The extension has neither been implemented nor designed.
Nevertheless, I had enough time to configure CentOS 7 to send logs directly to a netcat on FreeBSD. It is certainly not a solution but configuring CentOS was crucial; I was not possible to design the extension of auditdistd without the knowledge about the Linux Audit tools: auditd(8), audispd(8) and audisp-remote(8).
The configuration files are available here (link).
Further Reading & References
auditdistd.conf(5)
Shell Tool
A simple shell tool has been implemented. It is possible to convert Linux Audit logs to the BSM format in a command line.
It is possible to compile the tool (at the moment it is called 'bsmconv'):
The usage is fairly simple. Just run the tool and stream a Linux Record audit trail into the tool: ./bsmconv < audit.log If no command line options are used then the tool will print the logs in the BSM format. It might be handy to pipe the output straight to praudit. The only command line option available is -v which increases the verbosity level of debug messages. If specified, the tool will not print the output in the BSM format; instead, it will print a dump of the constructed structures.
Alternatively, you can use the script I used to automate my workflow during GSoC. This will compile the tool:
1 ./fu m
Report about the Drawbacks of the BSM Format
It turned out that I spent much more time understanding the Linux Audit format than on the BSM format. As a result my knowledge on the BSM format is not deep enough to prepare such a report.
Nevertheless, I had a discussion with RobertWatson about bringing au_to_attr functions to the userland (see this discussion (link)). At the moment a temporary solution is present in the code, although a much better solution should be implemented (see the discussion linked above).
Additionally, I found that there are a couple of outdated man pages which need refreshing, for example au_token(3).
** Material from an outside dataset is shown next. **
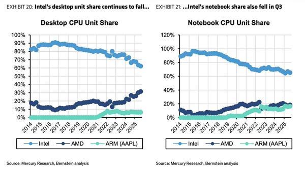 相比之下,曾经的龙头Intel虽仍占据大头,但已从2016年接近100%的巅峰状态下滑至60%左右。
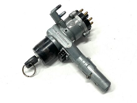 If you have a stuck key or failed lock in your 1977 to 1979 W123 this is your best option for a reliable replacement but we only have ONE of these in stock AND IT IS USED. The exact originals as shown in the picture below are no longer made. These do not have a replaceable tumbler assembly. But the newer style here will fit and work perfectly in your early W123 with only one modification ( very small). You will have to remove the aluminum ring in the keyhole for this unit to fit through the dash. ( See second picture below: This unit comes with the vacuum engine shut-iff switch and the vacuum switch cam installed. The switch for the door buzzer is also included. It only comes with one good key and is ready to install.

When it comes to the modification of libbsm, I added a function au_close_buffer_tm() to the interface of libbsm. The reason is that there was no other way to create a BSM token with an arbitrary timestamp in it.
Test Suite
I did not manage to create a test suite. Throughout the project I used my own shell script (it is called fu) to test the shell tool with the Linux Audit records I've gathered. There are both real life examples and some edge case tests written by me.
The Linux Audit logs are stored inside tests/. It is possible to run the tests using like this:
Manual Pages
I did not create any manual pages during Google Summer of Code.